Burma releases most of its political prisoners. The reformist government of Burma's President Thein Sein is at best a work in progress. The military still dominates the government and shows no willingness to change the constitution to, for example, permit Aung San Suu Kyi to run for president. War crimes committed in the ethnic conflicts in Burma's border regions remain unprosecuted. New violence has erupted against Muslims, particularly the Rohingya minority, led by Buddhist extremists and often tolerated by the security forces, with muted criticism from key national figures such as Aung San Suu Kyi.

But there is important good news. Independent organizations, while still subject to constraints, are flourishing more than at any time in the past 25 years. The media, while still embattled, are more outspoken. And hundreds of political prisoners -- the vast majority -- have been released. Some new people have been charged on political grounds -- a trend that needs to be stopped -- but there is no question that political detention has decreased dramatically in the last year.

Marriage equality is on a roll. It has been legalized in not only 18 U.S. states (and the District of Columbia), which the U.S. government must now recognize, but also in 16 countries, plus parts of Mexico. Governments joining the trend in 2013 were Brazil, France, Uruguay, New Zealand, and Britain (though it has yet to take effect in the latter).

A step forward for the right to health. Because of the narrow focus of the U.S. Constitution, most Americans do not realize that international human rights law includes not only civil and political rights but also economic, social, and cultural rights. An example is the right to the highest attainable standard of health. Obamacare might have been much less controversial if more Americans treated access to medical care as a basic human right. But one area where progress was made globally on the right to health involved the danger of mercury poisoning. Much of the world's artisanal gold mining uses mercury to separate gold from ore. Mercury is toxic, and particularly harmful to children. Exposure can cause life-long physical and mental disability. A treaty adopted in October requires governments to eliminate the most dangerous uses of mercury in mining and promote alternative forms of gold processing that do not require mercury.
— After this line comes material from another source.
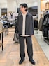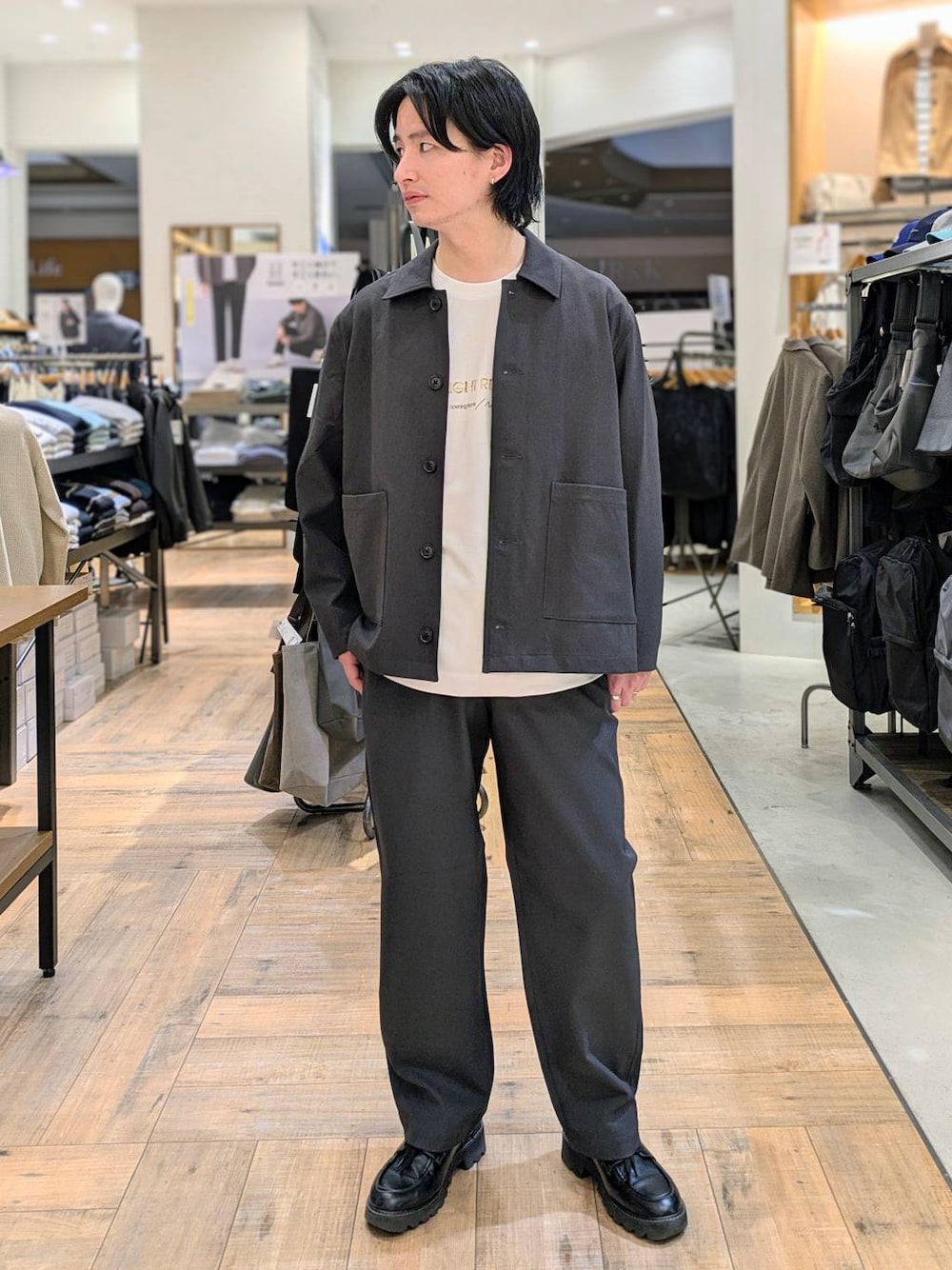 SOLOTEXの素材を使ったカジュアルセットアップコーデ ゆとりのあるシャツジャケットとワイドパンツはセットアップで着ることでよりストリート感のあるカッコイイコーデになります。

An official assessment of Bush's torture policies seems nearer. On his second day in office, Obama pledged to end the Bush administration's "enhanced interrogation techniques" -- the U.S. government's preferred euphemism for torture. But shamefully, Obama has refused to prosecute those who planned and ordered the torture, encouraging future presidents to treat it as a policy option rather than the crime that it is. What's more, Obama has even fought efforts to investigate the torture, and cited the need to preserve state secrets to block victims' civil lawsuits.

That has not stopped the Senate Intelligence Committee from conducting an extensive investigation and producing a 6,000-page report. While still classified, it reportedly rejects the CIA's claim that the "enhanced interrogation techniques" yielded key information for the capture of Osama bin Laden or any other information of value, and finds that the CIA lied to Congress, the White House, and the Justice Department about the effectiveness of the program. The CIA (meaning the Obama administration) has been fighting tooth and nail to block publication, even as its own unpublished internal report is said to have reached similar conclusions. But as the year came to a close, this obstructionism seems increasingly to be failing. Senator Dianne Feinstein, the chair of the committee, has said she intends to seek declassification of a 300-page executive summary -- the only accounting for Bush-era torture that we're likely to see anytime soon.